Records from a data source
======

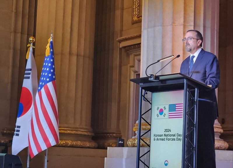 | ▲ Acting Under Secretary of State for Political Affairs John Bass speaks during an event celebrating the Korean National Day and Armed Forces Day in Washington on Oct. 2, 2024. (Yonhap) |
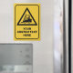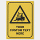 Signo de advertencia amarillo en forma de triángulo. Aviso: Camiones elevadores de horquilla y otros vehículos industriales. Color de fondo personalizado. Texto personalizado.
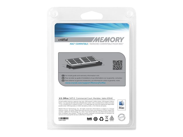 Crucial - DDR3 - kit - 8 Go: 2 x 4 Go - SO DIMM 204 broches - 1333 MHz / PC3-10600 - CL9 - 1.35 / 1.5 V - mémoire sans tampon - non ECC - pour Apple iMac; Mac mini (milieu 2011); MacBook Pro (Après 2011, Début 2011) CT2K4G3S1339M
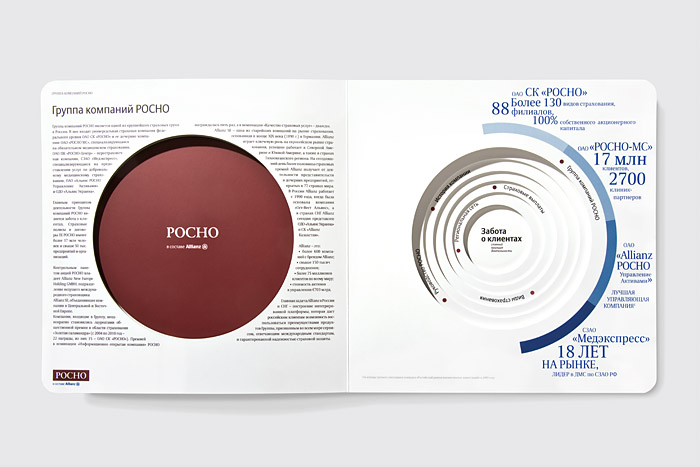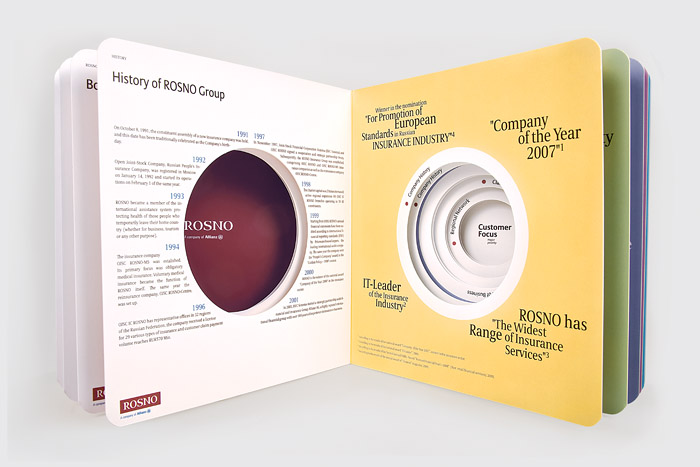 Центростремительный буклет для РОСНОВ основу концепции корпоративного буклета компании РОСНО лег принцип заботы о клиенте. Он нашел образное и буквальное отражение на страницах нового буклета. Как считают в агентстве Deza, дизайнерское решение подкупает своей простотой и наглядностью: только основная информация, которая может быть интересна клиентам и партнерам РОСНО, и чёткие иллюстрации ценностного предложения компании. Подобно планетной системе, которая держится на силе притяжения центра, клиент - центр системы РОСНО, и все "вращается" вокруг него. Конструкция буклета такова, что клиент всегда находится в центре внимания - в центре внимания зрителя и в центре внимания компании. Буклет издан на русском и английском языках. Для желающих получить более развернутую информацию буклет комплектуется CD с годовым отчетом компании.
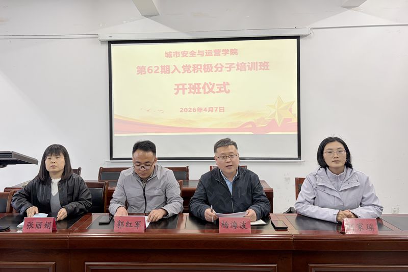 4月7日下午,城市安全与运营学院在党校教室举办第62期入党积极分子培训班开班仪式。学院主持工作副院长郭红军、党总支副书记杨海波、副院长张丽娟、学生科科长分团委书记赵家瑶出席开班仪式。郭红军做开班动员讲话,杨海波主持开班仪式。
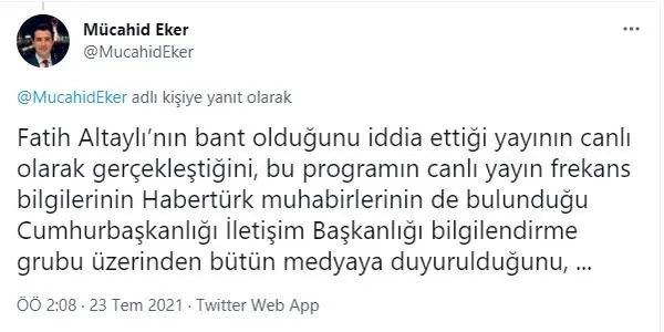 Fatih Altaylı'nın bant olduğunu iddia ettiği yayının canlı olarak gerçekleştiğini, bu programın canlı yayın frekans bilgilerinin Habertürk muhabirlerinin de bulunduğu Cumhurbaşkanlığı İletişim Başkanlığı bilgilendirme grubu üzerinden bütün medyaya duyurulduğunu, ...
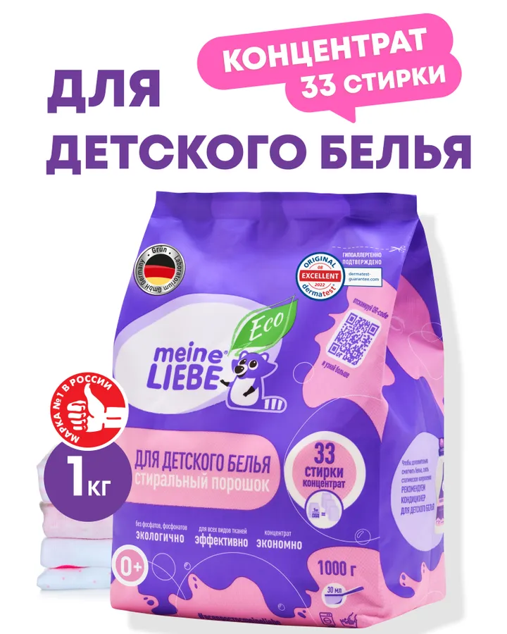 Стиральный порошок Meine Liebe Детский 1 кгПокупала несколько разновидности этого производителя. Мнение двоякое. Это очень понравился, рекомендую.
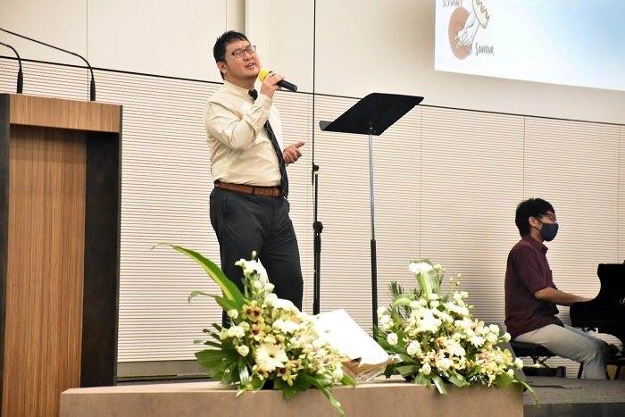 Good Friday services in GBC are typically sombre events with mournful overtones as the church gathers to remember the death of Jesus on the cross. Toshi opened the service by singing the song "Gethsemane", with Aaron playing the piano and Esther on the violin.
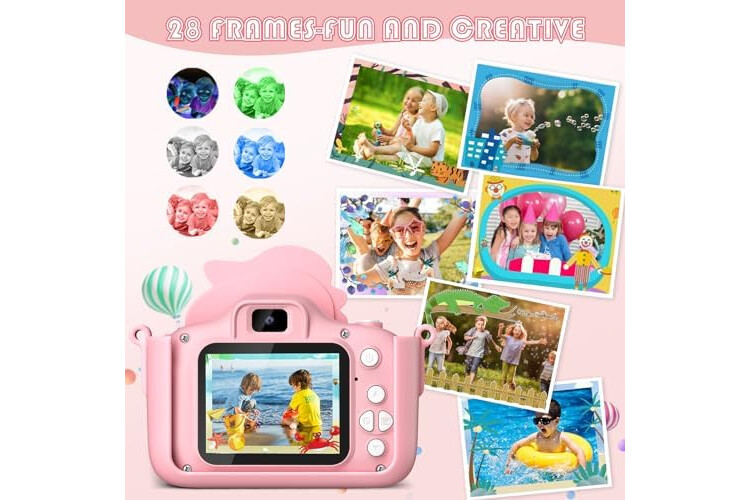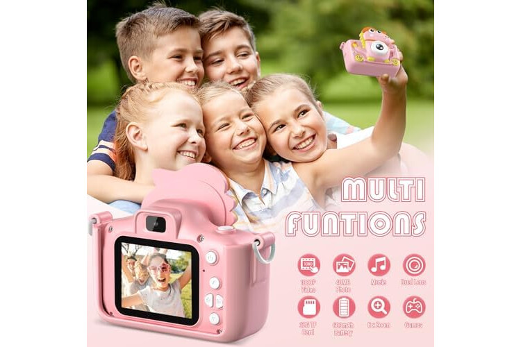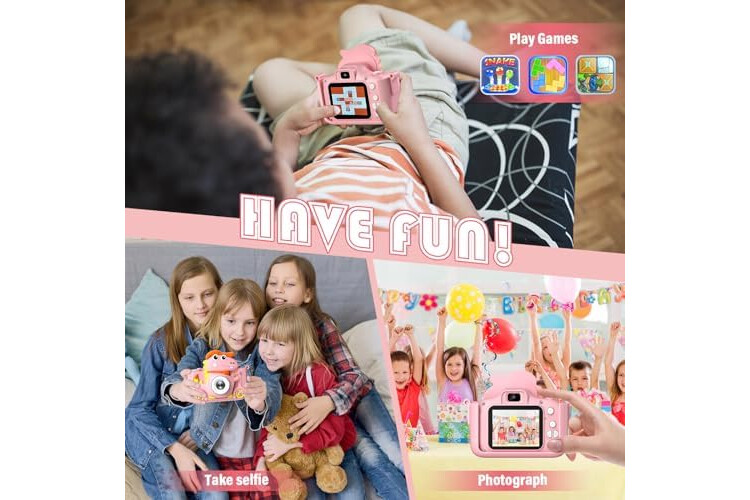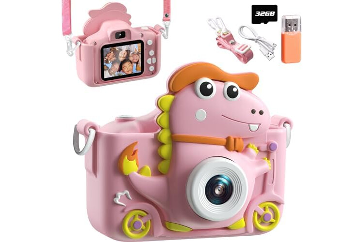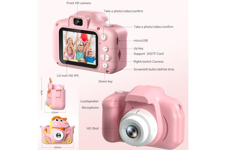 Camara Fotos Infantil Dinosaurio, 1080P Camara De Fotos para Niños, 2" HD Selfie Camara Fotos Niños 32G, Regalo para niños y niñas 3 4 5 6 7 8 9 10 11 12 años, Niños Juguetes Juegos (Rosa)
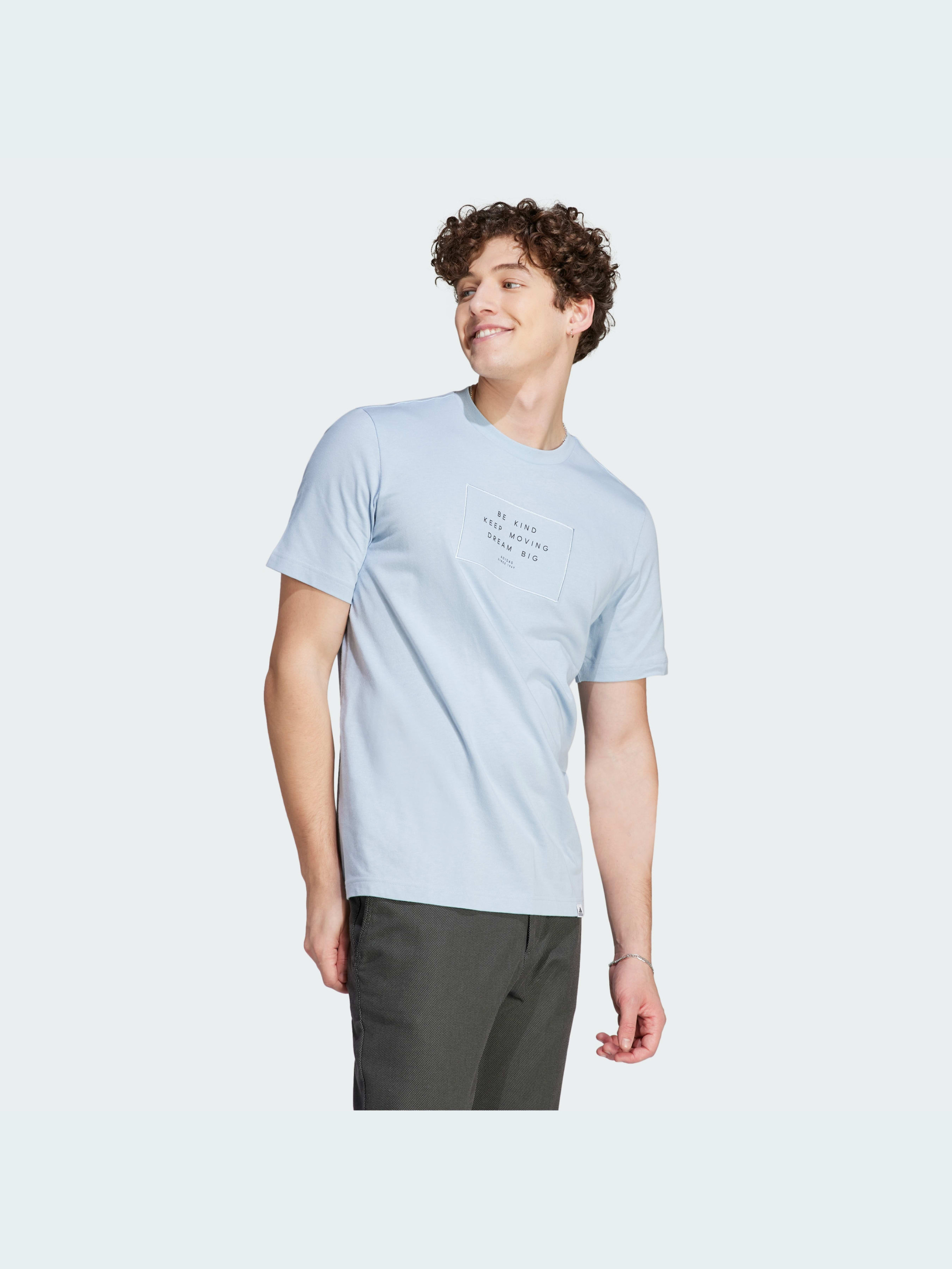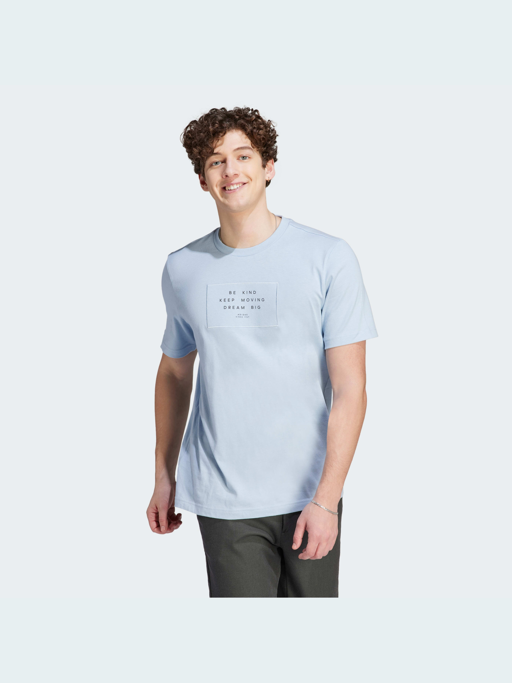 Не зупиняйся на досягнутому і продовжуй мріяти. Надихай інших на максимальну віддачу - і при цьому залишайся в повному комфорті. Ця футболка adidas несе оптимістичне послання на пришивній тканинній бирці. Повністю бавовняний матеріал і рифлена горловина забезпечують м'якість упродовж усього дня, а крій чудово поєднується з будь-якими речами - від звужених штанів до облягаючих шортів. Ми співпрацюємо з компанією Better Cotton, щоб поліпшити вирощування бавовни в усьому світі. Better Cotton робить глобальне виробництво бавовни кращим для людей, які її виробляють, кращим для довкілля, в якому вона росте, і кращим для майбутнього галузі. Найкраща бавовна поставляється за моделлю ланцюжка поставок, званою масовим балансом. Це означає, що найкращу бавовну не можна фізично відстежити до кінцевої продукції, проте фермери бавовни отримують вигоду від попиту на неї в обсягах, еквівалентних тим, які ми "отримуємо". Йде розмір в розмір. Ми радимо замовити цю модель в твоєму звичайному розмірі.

======

*Assigned task*
Please give again the entries word for word, starting at the first line and ending with the line that contains "Signo de advertencia"; include both of those lines but none of the pictures.

*Result of the exercise*
 | ▲ Acting Under Secretary of State for Political Affairs John Bass speaks during an event celebrating the Korean National Day and Armed Forces Day in Washington on Oct. 2, 2024. (Yonhap) |
 Signo de advertencia amarillo en forma de triángulo. Aviso: Camiones elevadores de horquilla y otros vehículos industriales. Color de fondo personalizado. Texto personalizado.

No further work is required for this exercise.